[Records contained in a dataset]
__________________________________________________

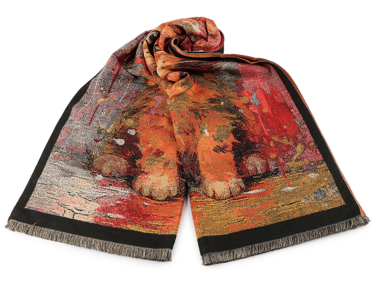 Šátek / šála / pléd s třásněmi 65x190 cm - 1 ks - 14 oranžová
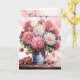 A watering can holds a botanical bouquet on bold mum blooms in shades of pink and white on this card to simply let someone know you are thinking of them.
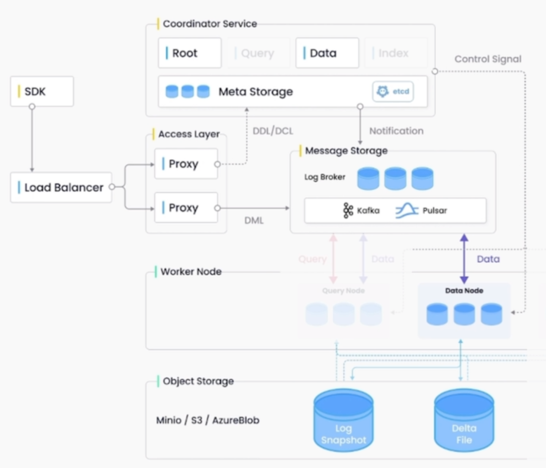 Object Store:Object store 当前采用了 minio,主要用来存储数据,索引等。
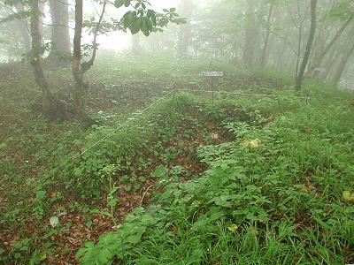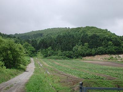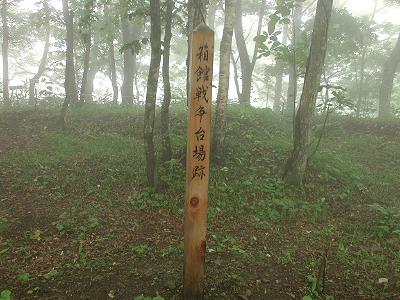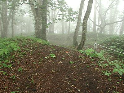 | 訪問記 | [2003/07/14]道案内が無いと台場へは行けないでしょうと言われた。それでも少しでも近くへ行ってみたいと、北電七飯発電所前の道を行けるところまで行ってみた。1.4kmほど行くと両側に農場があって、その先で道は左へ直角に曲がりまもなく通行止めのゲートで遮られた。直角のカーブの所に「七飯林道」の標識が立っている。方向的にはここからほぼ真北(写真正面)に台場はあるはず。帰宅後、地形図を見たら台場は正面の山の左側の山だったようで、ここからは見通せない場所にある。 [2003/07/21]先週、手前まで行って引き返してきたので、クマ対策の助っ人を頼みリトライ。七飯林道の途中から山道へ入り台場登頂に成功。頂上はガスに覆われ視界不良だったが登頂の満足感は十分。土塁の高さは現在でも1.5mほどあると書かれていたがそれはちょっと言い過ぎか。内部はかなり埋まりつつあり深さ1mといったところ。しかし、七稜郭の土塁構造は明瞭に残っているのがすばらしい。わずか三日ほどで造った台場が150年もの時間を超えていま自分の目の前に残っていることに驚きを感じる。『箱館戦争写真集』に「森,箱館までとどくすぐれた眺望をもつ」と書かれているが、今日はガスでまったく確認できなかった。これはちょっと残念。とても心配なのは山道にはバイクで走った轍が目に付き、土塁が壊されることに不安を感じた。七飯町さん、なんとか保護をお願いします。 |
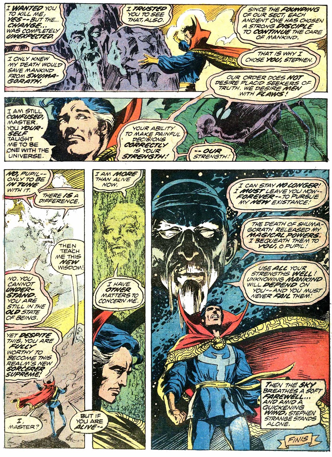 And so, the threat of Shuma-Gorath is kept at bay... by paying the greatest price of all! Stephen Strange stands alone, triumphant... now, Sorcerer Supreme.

__________________________________________________

With pictures excluded, the data must be transcribed in full and to the letter.

 Šátek / šála / pléd s třásněmi 65x190 cm - 1 ks - 14 oranžová
 A watering can holds a botanical bouquet on bold mum blooms in shades of pink and white on this card to simply let someone know you are thinking of them.
 Object Store:Object store 当前采用了 minio,主要用来存储数据,索引等。
 | 訪問記 | [2003/07/14]道案内が無いと台場へは行けないでしょうと言われた。それでも少しでも近くへ行ってみたいと、北電七飯発電所前の道を行けるところまで行ってみた。1.4kmほど行くと両側に農場があって、その先で道は左へ直角に曲がりまもなく通行止めのゲートで遮られた。直角のカーブの所に「七飯林道」の標識が立っている。方向的にはここからほぼ真北(写真正面)に台場はあるはず。帰宅後、地形図を見たら台場は正面の山の左側の山だったようで、ここからは見通せない場所にある。 [2003/07/21]先週、手前まで行って引き返してきたので、クマ対策の助っ人を頼みリトライ。七飯林道の途中から山道へ入り台場登頂に成功。頂上はガスに覆われ視界不良だったが登頂の満足感は十分。土塁の高さは現在でも1.5mほどあると書かれていたがそれはちょっと言い過ぎか。内部はかなり埋まりつつあり深さ1mといったところ。しかし、七稜郭の土塁構造は明瞭に残っているのがすばらしい。わずか三日ほどで造った台場が150年もの時間を超えていま自分の目の前に残っていることに驚きを感じる。『箱館戦争写真集』に「森,箱館までとどくすぐれた眺望をもつ」と書かれているが、今日はガスでまったく確認できなかった。これはちょっと残念。とても心配なのは山道にはバイクで走った轍が目に付き、土塁が壊されることに不安を感じた。七飯町さん、なんとか保護をお願いします。 |
 And so, the threat of Shuma-Gorath is kept at bay... by paying the greatest price of all! Stephen Strange stands alone, triumphant... now, Sorcerer Supreme.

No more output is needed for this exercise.